If it be asked, then, why the defendants, in view of an existing lien, undertook to deliver the securities upon payment of their indebtedness from the plaintiff, which did not in law release the securities from the pledge, it may be suggested that they supposed that they could regain the securities, perhaps by substitution, perhaps by payment of the $600,000 for their withdrawal, although not strictly entitled thereto, and thereafter have found the pledgee inexorable. And it may be asked, on the other hand, why the plaintiff offered to pay the indebtedness if the defendants would restore the securities, provided he knew that he was absolutely entitled to them upon such tender or payment, or else could hold the defendants for a conversion. If he knew or had reason to suppose that the securities were with others subject to such a lien as is asserted by the defendants, he may have counted himself happy upon such a deliverance. If the plaintiff knew of such a lien, or had reason to suppose that it existed under his assent in the common venture, he cannot say that the defendants cannot be heard to assert that lien in defense to this action simply because they stated his indebtedness to them. Upon tender and demand their answer was that they regretted they would be unable to deliver the securities, and they did not thereby take any distinct ground that precluded them from this defense in conversion. Everett v. Coffin, 6 Wend. 604, 22 Am.
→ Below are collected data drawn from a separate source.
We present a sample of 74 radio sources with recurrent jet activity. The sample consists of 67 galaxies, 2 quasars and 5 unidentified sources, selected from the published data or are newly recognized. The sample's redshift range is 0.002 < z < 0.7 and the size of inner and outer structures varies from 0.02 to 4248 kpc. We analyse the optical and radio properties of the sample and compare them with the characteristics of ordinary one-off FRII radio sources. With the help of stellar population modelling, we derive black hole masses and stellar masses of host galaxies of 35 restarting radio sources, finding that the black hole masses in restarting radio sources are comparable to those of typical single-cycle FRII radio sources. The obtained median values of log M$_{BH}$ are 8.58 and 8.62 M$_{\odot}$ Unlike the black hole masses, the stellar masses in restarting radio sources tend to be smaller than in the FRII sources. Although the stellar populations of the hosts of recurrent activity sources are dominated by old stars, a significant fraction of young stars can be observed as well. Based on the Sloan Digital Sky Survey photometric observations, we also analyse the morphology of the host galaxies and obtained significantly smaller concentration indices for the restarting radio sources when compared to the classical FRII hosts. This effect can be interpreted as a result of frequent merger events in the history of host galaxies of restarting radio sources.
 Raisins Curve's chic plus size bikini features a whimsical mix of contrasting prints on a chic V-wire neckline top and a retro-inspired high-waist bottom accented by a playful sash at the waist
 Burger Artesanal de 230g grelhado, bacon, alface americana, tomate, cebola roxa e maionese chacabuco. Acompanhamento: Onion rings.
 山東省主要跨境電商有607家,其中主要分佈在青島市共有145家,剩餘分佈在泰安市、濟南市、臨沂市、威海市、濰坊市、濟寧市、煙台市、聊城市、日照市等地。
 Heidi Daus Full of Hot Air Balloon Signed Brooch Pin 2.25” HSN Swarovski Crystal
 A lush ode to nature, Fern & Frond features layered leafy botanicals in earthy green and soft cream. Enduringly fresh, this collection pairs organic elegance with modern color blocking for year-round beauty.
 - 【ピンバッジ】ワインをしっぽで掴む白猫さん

Dec. 551. As the evidence in support of the version of the defendants is not before us, we cannot determine whether it is cogent and convincing, or improbable and flimsy. It may carry conviction despite the other evidence ; it may invite incredulity upon its face or upon comparison. That is not the question now up. It suffices that we cannot see that the defendants are not prejudiced by the exclusion. I think that the defendants were entitled to offer it, and that the exclusion requires a reversal of the judgment and the granting of a new trial; costs to abide • the event.

Discussion of the other interesting questions raised and argued with ability and ingenuity by both of the learned counsel is therefore unnecessary.

Judgment reversed, and new trial granted; costs to abide the event. "All concur.